What you are asked to do
Only one span of the material below is wanted. Output it exactly, from the line with "让瓶身倾斜45度,一手握紧铁" through the line with "De woonkamer is", without any pictures.

Information supplied
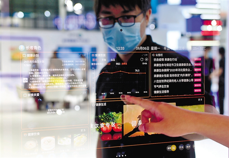 工作人员在操作智能镜子。近日,2021中国国际数字经济博览会在河北省石家庄市举行,共有468家企业参展,汇聚了国内外数字经济领域众多知名企业,一批“黑科技”成果集中亮相。 新华社发
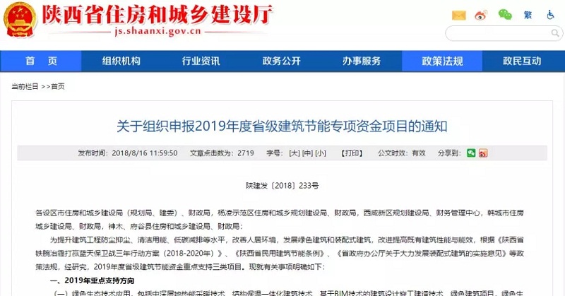 2018年8月15日,陜西省住房和城鄉(xiāng)建設(shè)廳、陜西省財(cái)政廳印發(fā)《關(guān)于組織申報(bào)2019年度省級建筑節(jié)能專項(xiàng)資金項(xiàng)目的通知》,指出2019年度省級建筑節(jié)能資金重點(diǎn)支持綠色生態(tài)技術(shù)應(yīng)用項(xiàng)目,包括中深層地?zé)崮懿膳夹g(shù)等,綠色生態(tài)城區(qū)建設(shè)試點(diǎn)示范;建筑能效提升,包括農(nóng)村建筑節(jié)能改造技術(shù)、農(nóng)村清潔能源取暖技術(shù)、低能耗建筑技術(shù);技術(shù)集成創(chuàng)新,上述兩個類別項(xiàng)目實(shí)施中,聚焦新技術(shù)新產(chǎn)品推廣所面臨的問題,同步開展工程應(yīng)用研究的項(xiàng)目。申請“先建后補(bǔ)、以獎代補(bǔ)”等方式的綠色建筑項(xiàng)目、省級建筑節(jié)能資金支持項(xiàng)目,應(yīng)嚴(yán)格按照經(jīng)審查的工程方案、申報(bào)方案進(jìn)行施工并完成全部技術(shù)內(nèi)容且竣工驗(yàn)收合格。
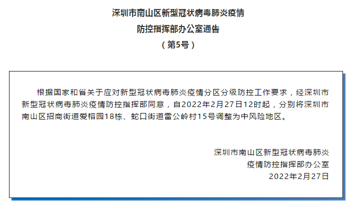 新京报快讯 据创新南山官微消息,根据国家和省关于应对新型冠状病毒肺炎疫情分区分级防控工作要求,经深圳市新型冠状病毒肺炎疫情防控指挥部同意,自2022年2月27日12时起,分别将深圳市南山区招商街道爱榕园18栋、蛇口街道雷公岭村15号调整为中风险地区。
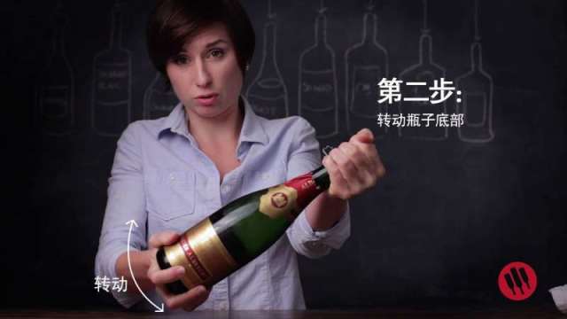 让瓶身倾斜45度,一手握紧铁丝网和软木塞,同时另一只手转动瓶子底部。这样会比转动软木塞更容易也更安全。
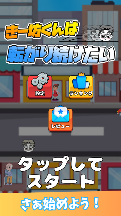 転がるきー坊くんを操作して、距離を稼ぐカジュアルゲーム。タップで進むルートを変更できるので、人に当たらないルートを進んでいきましょう。1回でも当たってしまうとゲームオーバーという、ちょっぴりシビアなルールです。
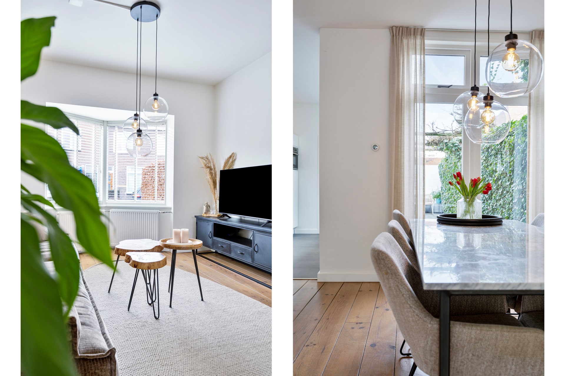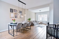 De woonkamer is zonder twijfel een van de meest uitnodigende ruimtes van het huis. Zodra je binnenstapt, voel je het: hier mag het leven even vertragen. De prachtige erker aan de voorzijde vangt het daglicht op elk moment van de dag en verspreidt het zacht door de ruimte. De royale indeling biedt alle vrijheid voor een comfortabele zithoek én een grote eettafel waar lange diners en goede gesprekken vanzelf ontstaan. Openslaande tuindeuren verbinden binnen moeiteloos met buiten, waardoor zonnige dagen vanzelf naar de tuin lonken.
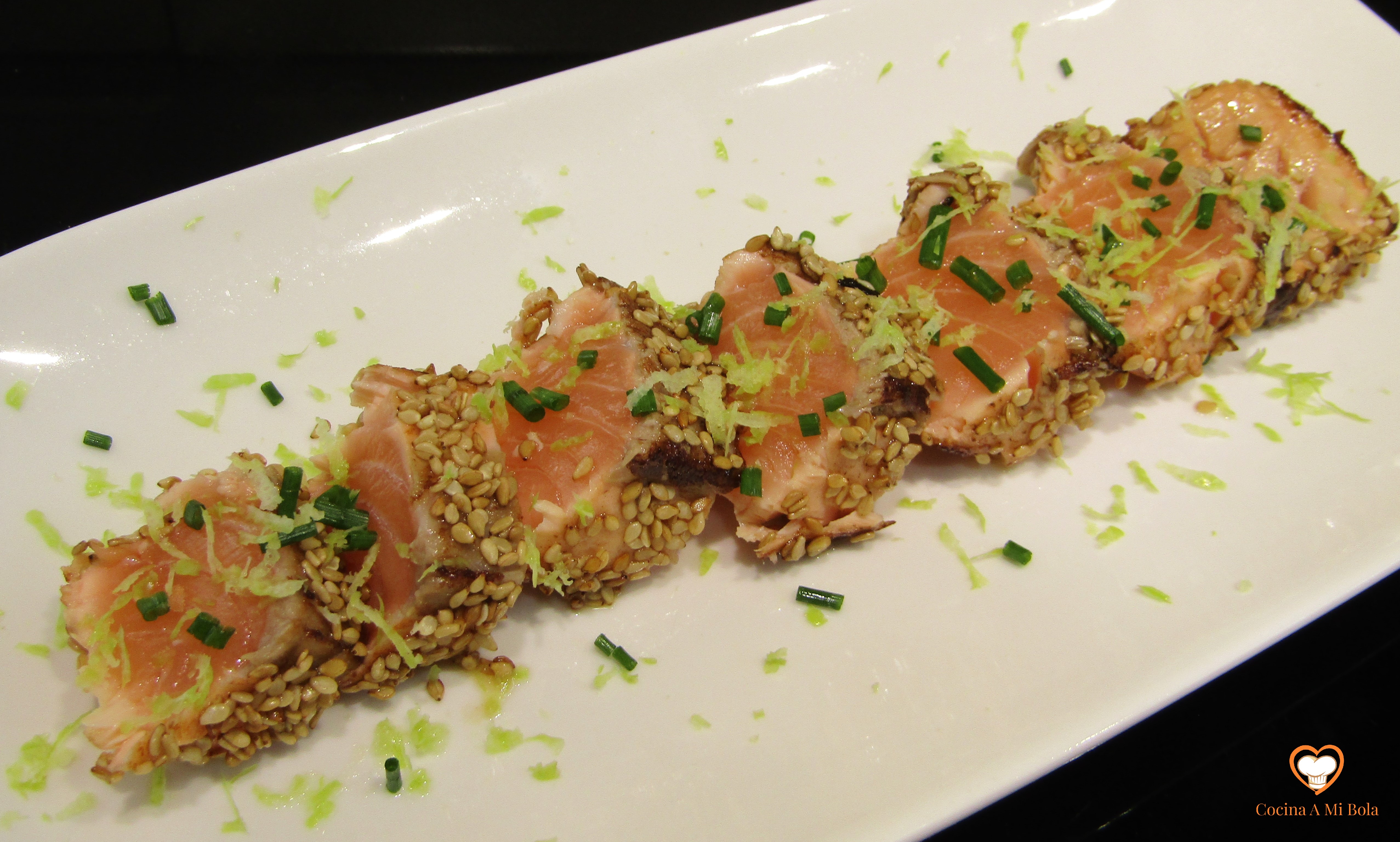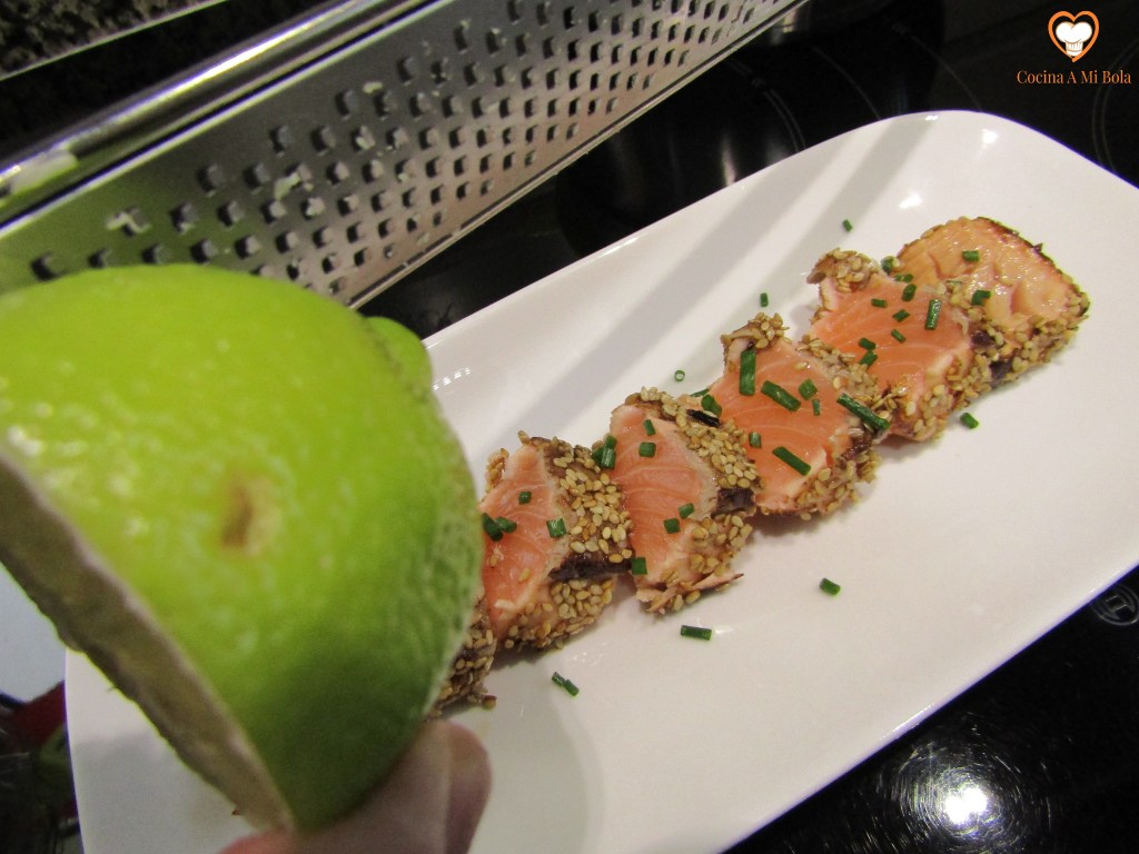 INGREDIENTES: Para 2 personas; 2 tacos de lomo de salmón fresco, aceite de sésamo, salsa de soja, vinagre de arroz, vinagre añejo de Jerez, 1 lima, salsa Wasabi (sustituible por Tabasco), semillas de sésamo, 2 ramitas de cebollino.

Solution
 让瓶身倾斜45度,一手握紧铁丝网和软木塞,同时另一只手转动瓶子底部。这样会比转动软木塞更容易也更安全。
 転がるきー坊くんを操作して、距離を稼ぐカジュアルゲーム。タップで進むルートを変更できるので、人に当たらないルートを進んでいきましょう。1回でも当たってしまうとゲームオーバーという、ちょっぴりシビアなルールです。
 De woonkamer is zonder twijfel een van de meest uitnodigende ruimtes van het huis. Zodra je binnenstapt, voel je het: hier mag het leven even vertragen. De prachtige erker aan de voorzijde vangt het daglicht op elk moment van de dag en verspreidt het zacht door de ruimte. De royale indeling biedt alle vrijheid voor een comfortabele zithoek én een grote eettafel waar lange diners en goede gesprekken vanzelf ontstaan. Openslaande tuindeuren verbinden binnen moeiteloos met buiten, waardoor zonnige dagen vanzelf naar de tuin lonken.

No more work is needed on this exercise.